Understanding Case Report Forms (CRFs)
A Case Report Form is a structured document used to collect study data.
CRFs may be:
Paper-Based
Traditional paper forms completed manually.
Advantages:
- Simple
- Low technological requirements
Disadvantages:
- Transcription errors
- Storage challenges
- Slower availability of data
Electronic CRFs (eCRFs)
Forms implemented in systems such as REDCap.
Advantages:
- Real-time validation
- Reduced errors
- Faster reporting
- Improved audit trails
Modern clinical studies increasingly use eCRFs.

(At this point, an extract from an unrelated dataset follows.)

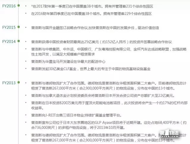 普洛斯致力于為全球最具活力的制造商、零售商和第三方物流公司不斷提高供應(yīng)鏈效率,達(dá)成戰(zhàn)略拓展目標(biāo);通過(guò)全面的開(kāi)發(fā)、運(yùn)營(yíng)、基金管理和金融服務(wù),促進(jìn)領(lǐng)先的物流生態(tài)圈發(fā)展。其主要發(fā)展歷程及合作項(xiàng)目如下:

Principles of Good CRF Design
Good CRFs should be:
Clear
Questions should be easy to understand.
Poor:
“Patient status?”
Better:
“Current hospitalization status”
Concise
Collect only necessary information.
Logical
Questions should follow clinical workflow.
Consistent
Use standard terminology and formats.
User-Friendly
Forms should minimize burden on study staff.
Analysis-Oriented
Collected data should support planned analyses.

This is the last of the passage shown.